Per il resto, non so davvero cosa pensare, un aspetto positivo è che siamo a inizio quadriennio e magari alcuni progetti tipo Chenetti nel fondo si vedranno alla distanza (mi auguro..), però questa storia delle gobbe della Scanzio, anche se a molti dirà poco e nulla, per me è molto indicativa su come si voglia andare avanti anche sul resto.
ste86
16 Dicembre 2014 at 09:32
Però investire i (pochi) soldi che si hanno sulle discipline che possono dare delle soddisfazioni (anche a scapito di altre) non mi pare una cattiva idea. Il freestyle non ha tradizione in Italia, la domanda è: vale la pena pagare un intero staff e trasferte per una disciplina che al massimo (ce con la sola Scanzio) può regalare un piazzamanto da top10?
D’altronde la stessa Scanzio era passata a gareggiare per la nazionale italiana perchè Swiss Ski non aveva inserito le gobbe nel proprio progrmma olimpico.
ale sandro
16 Dicembre 2014 at 15:13
E’ vero ste hai ragione pure tu, ma il tuo ragionamento lo trovo corretto nell’immediato, e non a lungo termine come invece credo sia utile fare per l’Italia ora, se si vuole davvero ritornare a posizioni che competono.
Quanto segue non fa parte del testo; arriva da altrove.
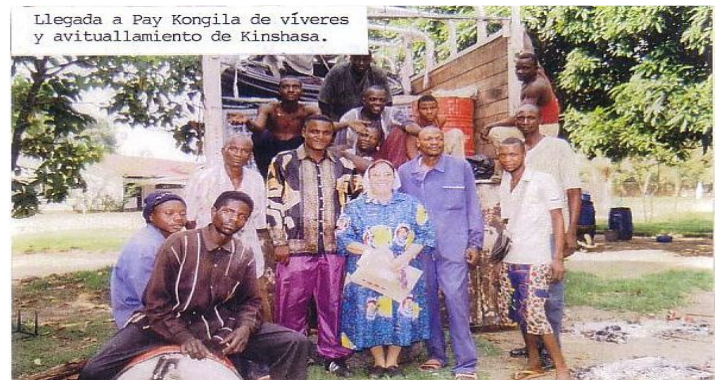
Llegada a Pay Kongila de víveres y avituallamiento de Kinshasa.

Pero nuestra desdicha es que hace 20 años compramos varias hectáreas para hacer una granja de vacas, pagamos al dueño de la tierra sus derechos y al poco tiempo observamos que los animales se morían y multiplicaban muy mal, indagamos y resultó que el dueño tenía un hermano con el que se disputaba las tierras y por las noches mandaba gente para que quemasen los pastos de nuestras vacas, les ponían hierbas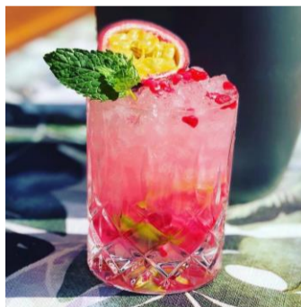
„Gin Caipirinha“ € 6,50

dry gin, cointreau, sugar, limes, pomgrenades, passion fruit, mint, and crushed ice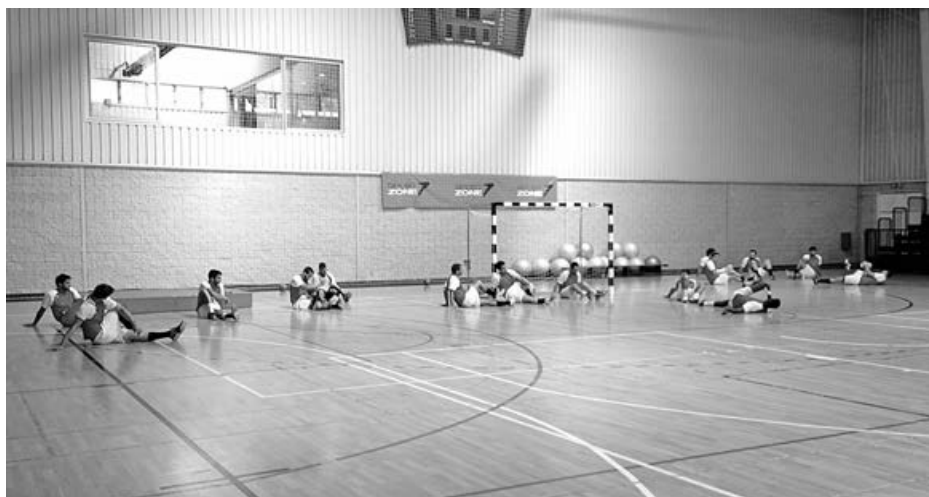
Seleção nacional universitária em treino no Pavilhão da UMinho

Na cidade-berço, o Campeonato Mundial Universitário de Andebol 2014 terá como palcos os pavilhões Multiusos, Almor Vaz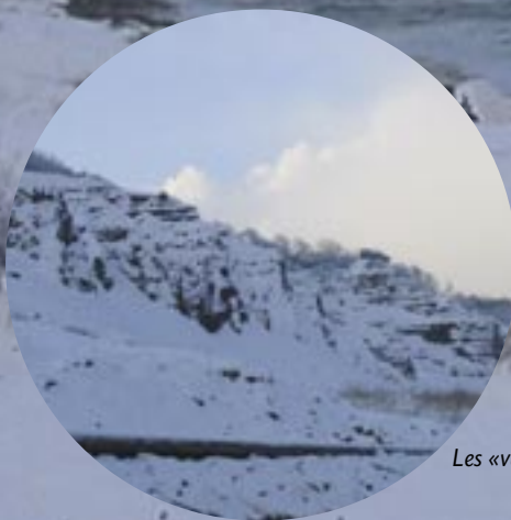
Les «vaches blanches»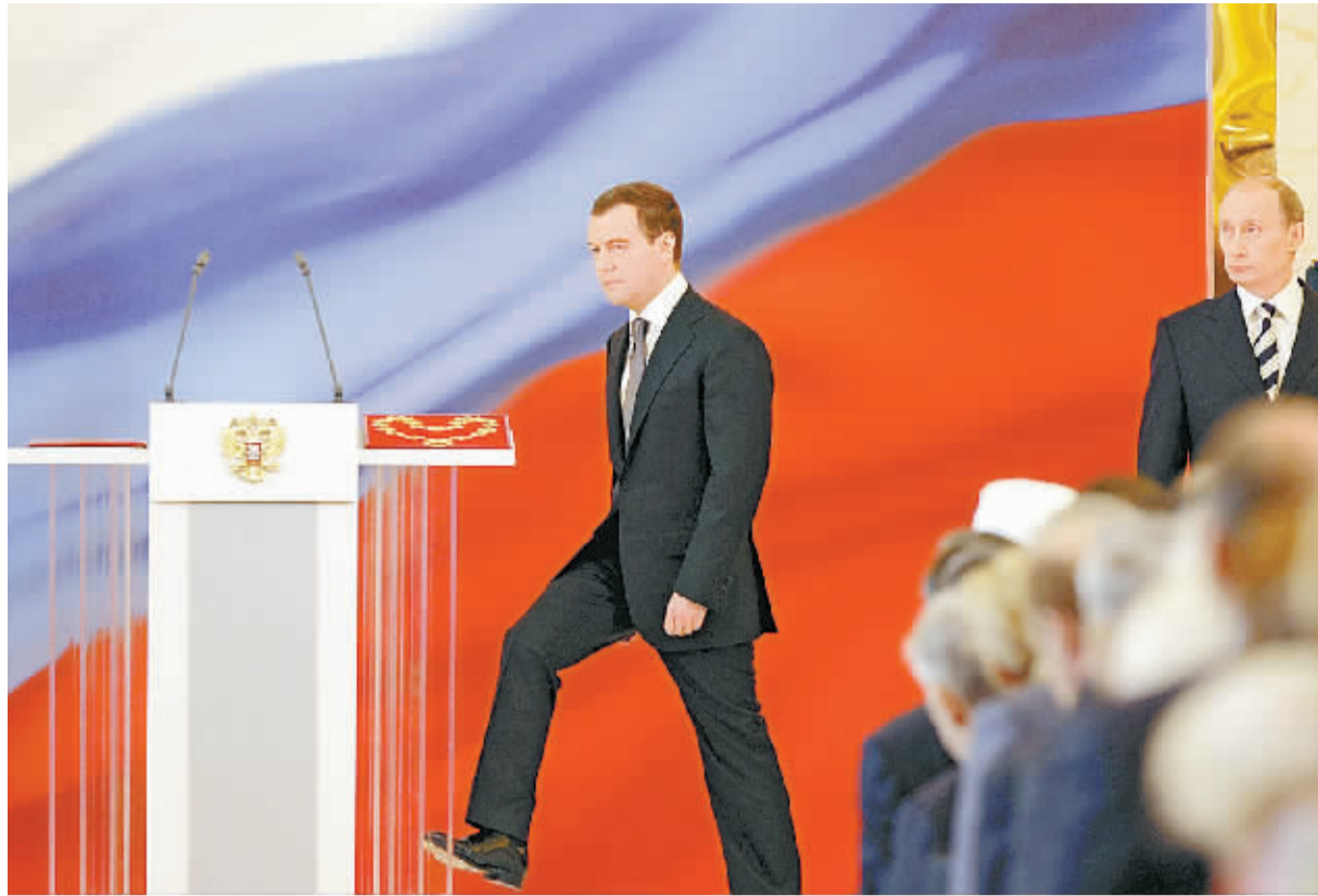
2008年，国际政坛波谲云诡。从创造历史并为美国政治生态带来大裂变的首任非洲裔总统奥巴马，到格有“普京印记”、延续“普京路线”、书写大国神话的梅德韦杰夫；从日本内阁一年之内两易其主，到泰国政坛走马灯似的总理“出炉”……这是2008年5月7日梅德韦杰夫（左）和普京（右）在参加总统宣誓就职仪式。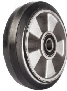
Рис. 6- Большегрузные колеса 180мм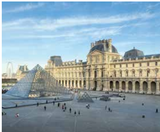
パリ ルーブル美術館の外観

国際的な大会が開催されるスタジアムのバックヤードまで見学したほか、歴史的建造物と近代的な建造物の共存等を実際に感じる事ができた有意義な研修となった。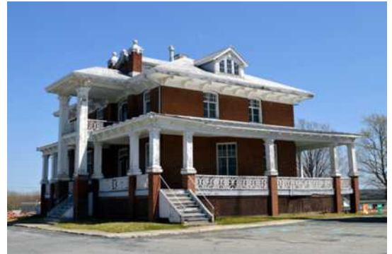
Presbytère, sis au 658, 12 e Avenue, Saint-Zacharie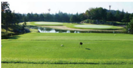
池越えの名物15番P3。バントとバミューダの2グリーンで酷暑でも芝の心配なくなった

「夏場に芝がやられてしまうと、2〜3割のお客様が来なくなる。毎年暑い中で対策を迫られるなら、何か手を打とう」と専務は語る。そこで導入したのが、暖地型芝であるバミューダグラス、中でも「チャンピオンドワーフ」という品種だ。管理を委託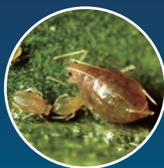
モモアカアブラムシ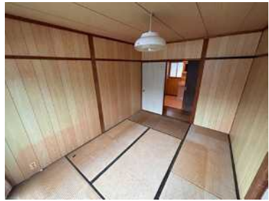
和室 6 帖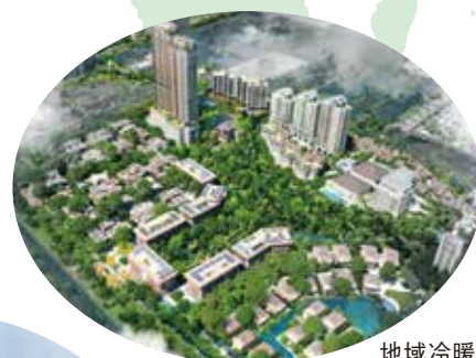
地域冷暖房設備（タイ）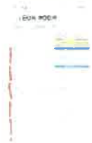
Screenshot_20240830_195633_Samsung Notes.jpg 296K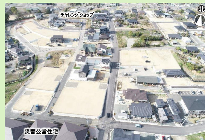
写真5：宮園地区（R5年3月）

E sarei stato d’accordo se ci fosse stato già pronto un eventuale ricambio con una giovanissima in rampa di lancio già al suo livello. Poi certo , la coperta è corta. Ma siamo sicuri che quei soldi e risorse risparmiati per la Scanzio(con l’Italia sia da junior che da senior medagliata mondiale a prescindere dal disinteresse svizzero per le gobbe) , e che non andranno per dire alla Bertagna restando quindi all’interno dello stesso sport(altra specialità) e con un’altra atleta da prime 10, finiscano per aiutare per esempio la combinata nordica? Anche quest’ultima non ha avuto vera tradizione nel nostro paese eppure le potenzialità ci sono eccome, ma non si vedono grandi risultati. Che facciamo secondo il ragionamento di Roda,abituato agli staff del campione stile Tomba, e secondo il Coni, rinunciamo a interessarci anche ai combinatisti se a metà quadriennio non beccano i primi 10 in gara individuale neanche per sbaglio? Il rischio è questo e secondo me uno dei tanti motivi per cui l’Italia dello sport di questo nuovo secolo invernale ed estivo si trova così, è stato proprio il coprirsi col campione stentando nel creare una vera e propria squadra attorno a lui e un vero sistema per le generazioni successive ,e farsi una gran dormita da parte di dirigenti e accoliti. Poi per carità , le Fontana formato Vancouver e i Battisti-Sartori di Londra potranno sempre accadere, ma perchè sono loro ad essere così validi, e non deve necessariamente essere usato come alibi da chi invece deve adoperarsi affinchè una specialità o disciplina , si chiami gobbe o short track,non rischi di cadere totalmente nell’oblìo definitivo.
Ser Marek
15 Dicembre 2014 at 17:55
Finalmente un articolo sincero e obiettivo sulla situazione italiana nel panorama degli sport invernali. Sinceramente sono stato molto sorpreso dai commenti post-Sochi da parte delle istituzioni ma anche di alcuni importanti giornali sportivi che hanno definito quest’Olimpiade positiva. Invece, anche secondo me, l’Olimpiade di Sochi è stata una delle peggiori della storia italiana e purtoppo non ci sono segnali importanti di inversione di tendenza. Il bilancio degli ultimi anni è pietoso soprattutto se si confronta con la storia sportiva dell’Italia, che era una nazione di vertice anche negli sport invernali ed era una presenza fissa nella Top 10 del medagliere olimpico, ma mi sembra che in molti se lo siano scordato.
Federico Militello
15 Dicembre 2014 at 21:27
Bravo Marek, purtroppo in tanti dimenticano la storia ed il blasone dell’Italia. Dobbiamo tornare dove meritiamo.